This question is pretty broad!! However, I do have some general actions/tips for you. I've used most of them and I sleep very well... not that I am super productive, haha...

Practice conscious living instead of just productive living:

In any case, you'll need to develop a conscious sense during the day. You may have achieved more than you think, and sometimes we tend to hang onto minor negative thoughts, overlooking the good things happening every day.

In order to gain/regain that consciousness, every night keep a record of what you did. Now, I am not talking about "writing 3 things you feel thankful stuff," I just started with writing down only 5 things I did that day. It can be as silly as "I had pizza for lunch." The point is to write down the first 5 activities that came to your mind. Do this for one week.

Now, into the 2nd week, keep the same activity. In addition, assign some pluses to each of them to indicate how happy/unhappy that activity made you feel.
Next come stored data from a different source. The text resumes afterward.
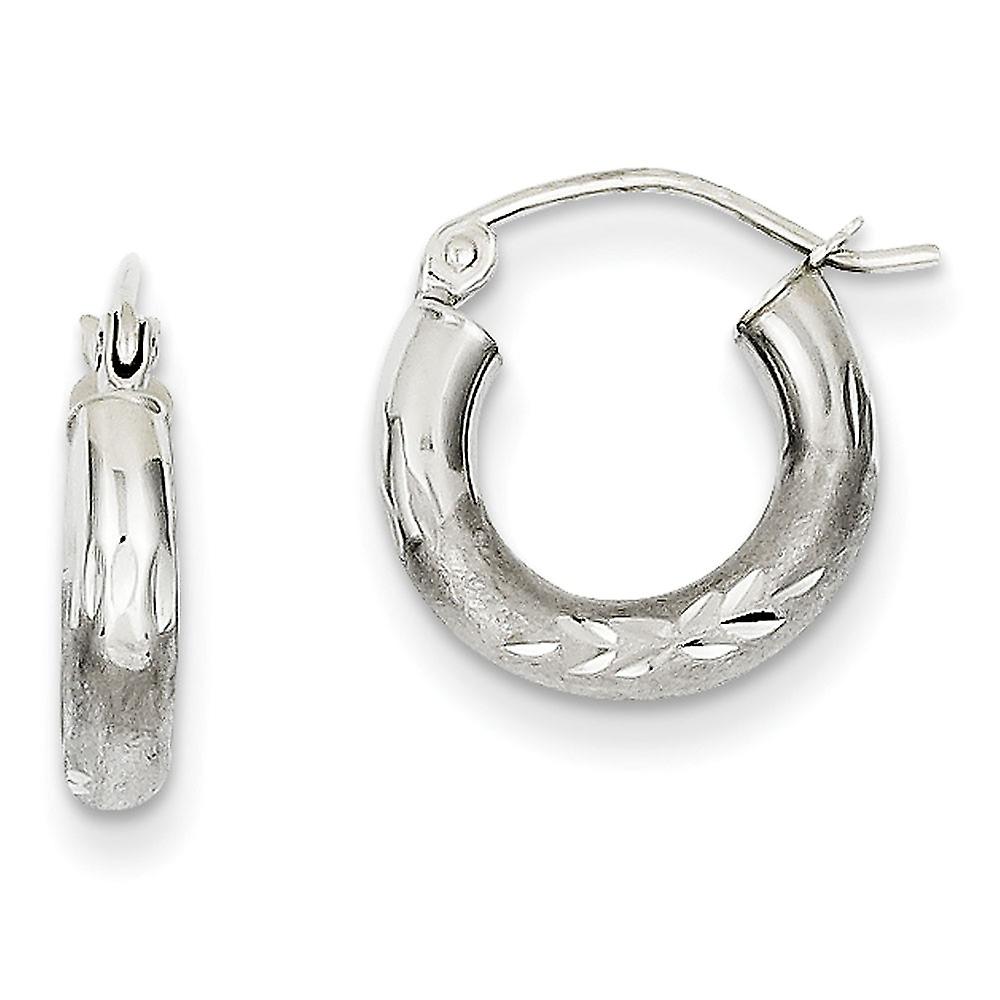14k White Gold Hollow Polished Hinged post Satin and Sparkle Cut 3mm Round Hoop Earrings 10x2.5mm Wide-Hoop Earring for
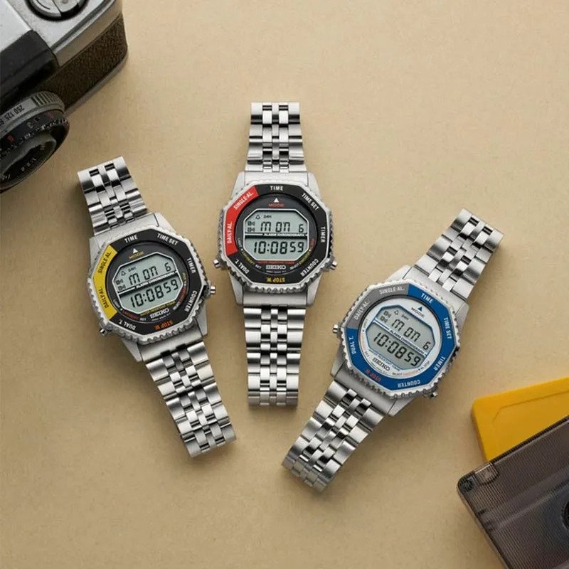 Movimiento Cuarzo calibre A824 Digital Caja de acero inoxidable Diámetro de caja: 37 mm Bisel giratorio de color rojo - negro (cambia las funciones) Cristal hardlex Resistencia al agua 100m Fondo de caja a rosca Calendario Interruptor giratorio Cronógrafo hasta 100 horas en incrementos de 1/100 de segundos Alarma Función Dual-Time Función de advertencia de duración de la batería Brazalete de acero inoxidable bicolor IP dorado Cierre de 3 pliegues con botón de apertura
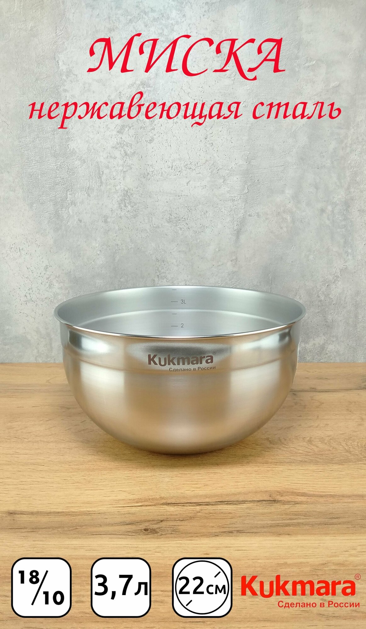 Миска Kukmara 3.7 л из нержавеющей стали марки 304 (18/10) информация:
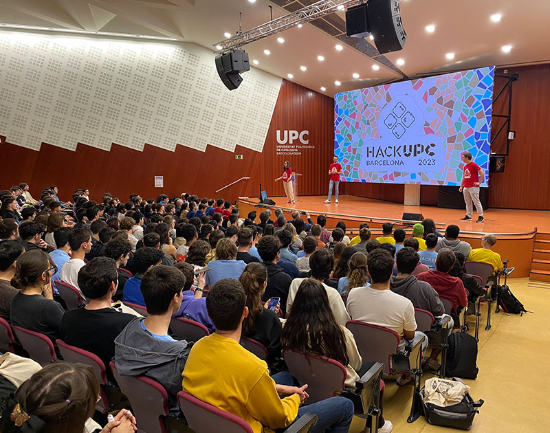 La HackUPC 2023, la primera hackató i la més gran d’Espanya, s'ha tornat a celebrar enguany a la Universitat Politècnica de Catalunya - BarcelonaTech (UPC) de forma íntegrament presencial i organitzada per estudiants de la Facultat d’Informàtica de Barcelona (FIB) i de l’Escola Tècnica Superior d’Enginyeria de Telecomunicació de Barcelona (ETSETB) de la Universitat. En aquesta edició, que ha tingut lloc als aularis A3, A4, A5 i A6 del Campus Diagonal Nord de Barcelona, hi han participat estudiants d’arreu del món, que han competit per desenvolupar el millor projecte tecnològic en un màxim de 36 hores per donar solució a un repte plantejat. En altres edicions els reptes han estat des de crear solucions tecnològiques per lluitar contra el canvi climàtic, o dissenyar sistemes per resoldre problemes de sanejament, manteniment i seguretat a les ciutats, fins a crear aplicacions mòbils d'assistents virtuals amb finalitats socials o bé dissenyar un xatbot per a aplicacions financeres, entre d’altres.

The scale is relative and does not have to be scientifically precise... just + for very bad and +++++ for nothing better you can ask for. Do this for another week.

By week three, there is no instruction... because by this week, you'd actually want to write a lot more about everything. Your opinions, your thoughts, your feeling. Once you have a steady record of your activities and your moods, you will have a much better navigation map for your self-improvement. A lot of people are productive without a meaning, it's better to practice both consciousness and productivity.
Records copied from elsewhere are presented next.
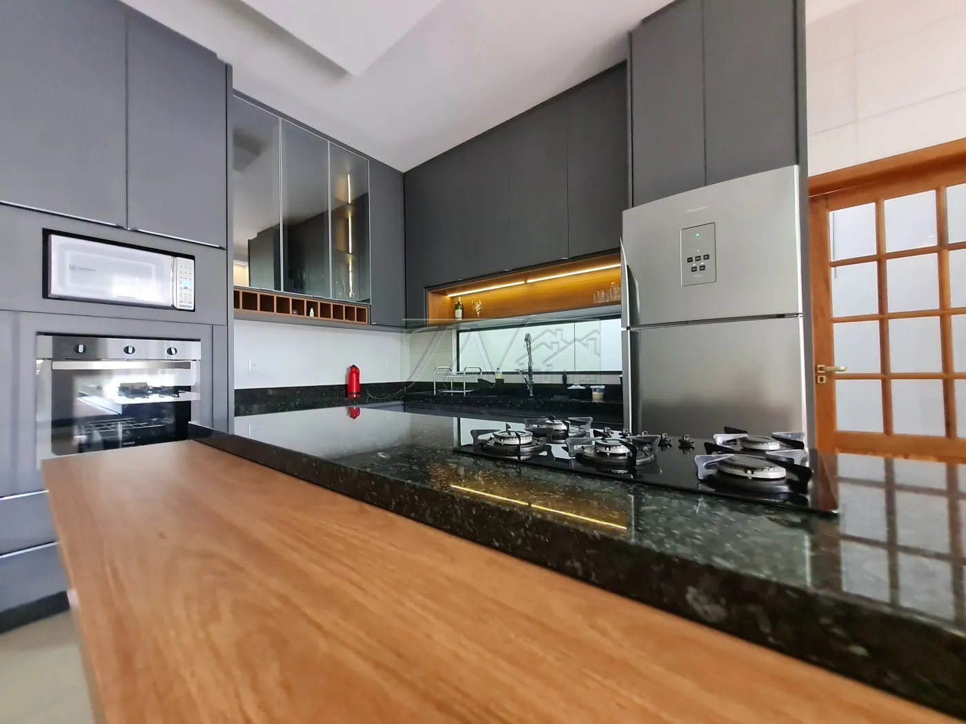 Sala ampla 4 metros de altura, ambiente integrado com copa e cozinha;
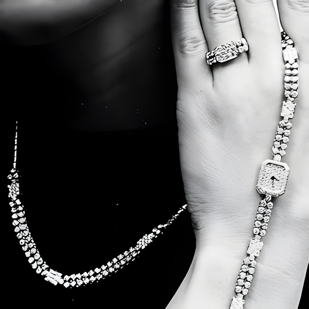 Two-tone luxury jewellery set from Chopard of Geneva. The braceletwatch is composed of alternating segments of white gold with flush-set diamonds and diamond pavés mounted in yellow gold. The ring and bracelet are similarly styled and the watch dial itself is entirely diamond-cobbled. (CHOPARD, Geneva)
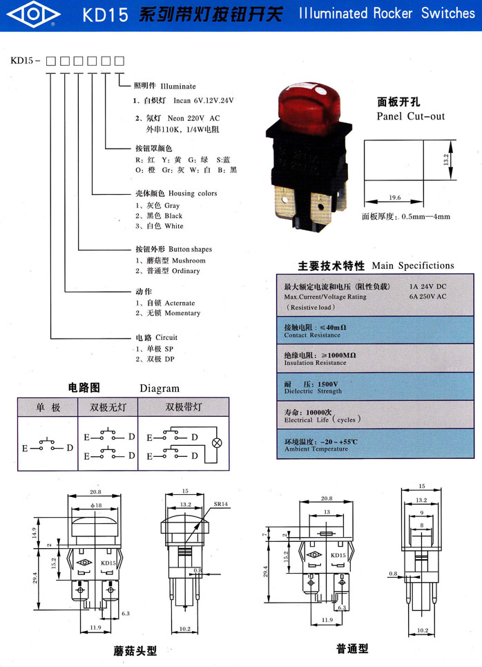 • KD15系列帶燈按鈕開關(guān) 產(chǎn)品型號:KD15系列
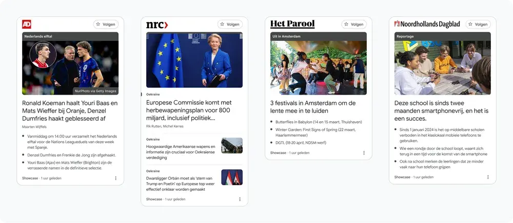 Google brengt het Nieuws Showcase-programma uit in Nederland. Aangesloten nieuwsorganisaties kunnen een eigen paneel in Google Nieuws en Discover vullen met een selectie van nieuwsberichten. Via deze weg is beperkte toegang tot betaalde content mogelijk.

Redefine what is productive:

Most of the time we set our productivity goal too high or too abrupt. A book that I found very helpful is Zen to Done by Leo Babauta. The key point of the book is to set three and only three things to achieve every day. You get to keep your productivity flowing without burning out.

I do believe being productive is important, but it should not be the sole source of happiness and worry of yours. Chatting with/calling a friend or family member to catch up, making and eating a nice healthy meal, even writing a reflection on why you're not being productive... are not necessarily about being productive but are also crucial to you well-being. This again brings us back to practice conscious living. Are you using every minute with a purpose?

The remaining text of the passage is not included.